Super League isn’t quite as dead as some try to make out

By Tony Attwood

As you will know if you have been paying attention, the media are telling us Arsenal are in real big trouble, what with last season being so awful.

But really that trouble is not that big, first because the owners offered to put quarter of a billion pounds into the club (although curiously having pumped that story up without any evidence the media has now let it go again, so maybe that one isn’t true.  Can’t trust the media eh?)

However quarter of a billion is as nothing to the debt of FC Barcelona which is considered to be around €1,173m.    They have taken on extra loans including over half a billion euros from Goldman Sachs and players are not being paid until November.

The club’s accounts show that salaries add up to 110% of their income, they have broken the salary limit regulations for the Spanish League, and even if they’d received the normal stadium income last season, they’d been very deeply in it.  But they didn’t.  No crowds, no tourists.  Anyway there is no money to pay the players – which is a bit of a shame.

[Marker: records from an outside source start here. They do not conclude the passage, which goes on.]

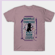
NEW! Show print inspired tee

Show your love for GCC and for women in country music when you buy some swag in the Girl Crush Country Store ! Choose just the logo or pick a design with some added sass if you roll like that. Every design is available on multiple styles, colors, and items.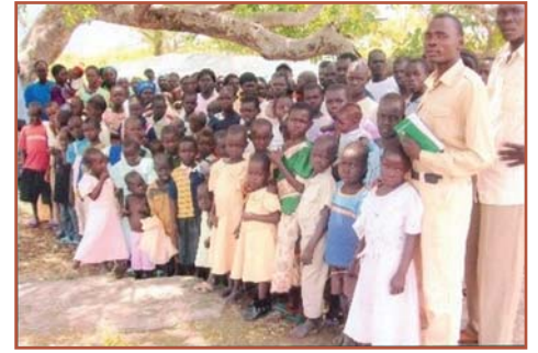
Part of the crowd on the first Sunday of the beginning of the Opari church.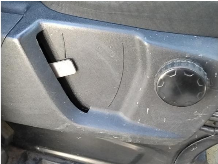
11: Other N/A N/A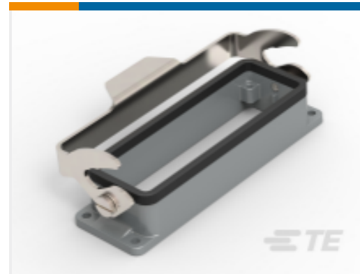
TE Part #T1500243000-000 H24B-AG-LB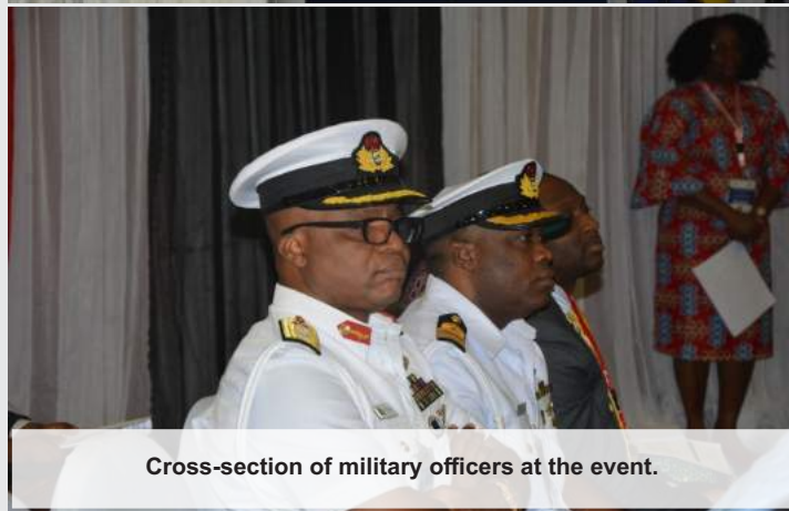
Cross-section of military officers at the event.

All of which explains the big lurking issue of why Barcelona, with two other clubs, have refused to disown the Super League, and why the Super League case which says that Uefa has no right to stop Super League, is still rumbling through the courts.

There is a feeling among those who study such legalistics that the three clubs still left in Super League have a very good chance of winning.  And if they do they will take Super League forward, bringing in clubs that were not part of the original 12 who can now act without fear of being kicked out of anything, plus maybe a couple of new clubs that were not in it before, plus a top club from the US and maybe one or two from Aisa.  Super League II will rise from the ashes.

And quite possibly be shown on a TV channel in the UK.

It is totally a financial deal and one that clubs outside of the original 12, which want to rise up quickly will find attractive.   There might even be a club from Fifa’s planned pan-African league, of which we wrote a while back, getting itself involved.

The fact is that if Barcelona, Real Mad and Juventus do win their case against Uefa in the courts, there are going to be some green faces in the rest of Europe, and for all the fuss made by fans of Premier League teams about not wanting to be in the Super League there will be dozens more who do.

For example, before PSG were remodelled into an investment vehicle for middle eastern financiers they had only won the league twice.  Now they win it every year.  Would they worry about being thrown out of the French league if they could pick up the wealth of Super League in its place?  Suddenly the map changes.

As for Barcelona they have to win the court case in Spain.  Some players have taken salary cuts.  Others are being sold off for tiny sums just to get rid of their salaries.

Other clubs are watching, although of course English clubs are hamstrung by the artificial home-grown rule, which is what makes Arsenal so keen to bring through more and more youngsters.  As things stand the Arsenal squad has no more room for another foreign grown player, and they are finding it hard to sell foreign grown players because all clubs are feeling the pinch.

All of which raises another issue.

When the Football League Cup was first mooted, Arsenal and a few other clubs imperiously stood outside of it.   When they were ordered to be part of it, they obeyed, grudgingly.

When the European Cup was first mooted, English clubs imperiously stood outside it, dragged into it later only to find that those cheating nasty foreigners could actually beat us.

When Super League was launched we jumped in and then out.  But supposing Super League II evolves from the three clubs that are challenging the issue of Uefa’s imperialism in court, what then.

Will Arsenal’s American owners, finding themselves running a club that made mega losses during the pandemic, simply sit still and let the debts grow while the solution is there, just a phone call away?

I don’t know.  But we’ll get a clue when the Spanish court rules on whether it was legal for the Spanish League to try and block Spanish clubs from joining Super League.   And when Fifa’s African League comes along announces itself to the world.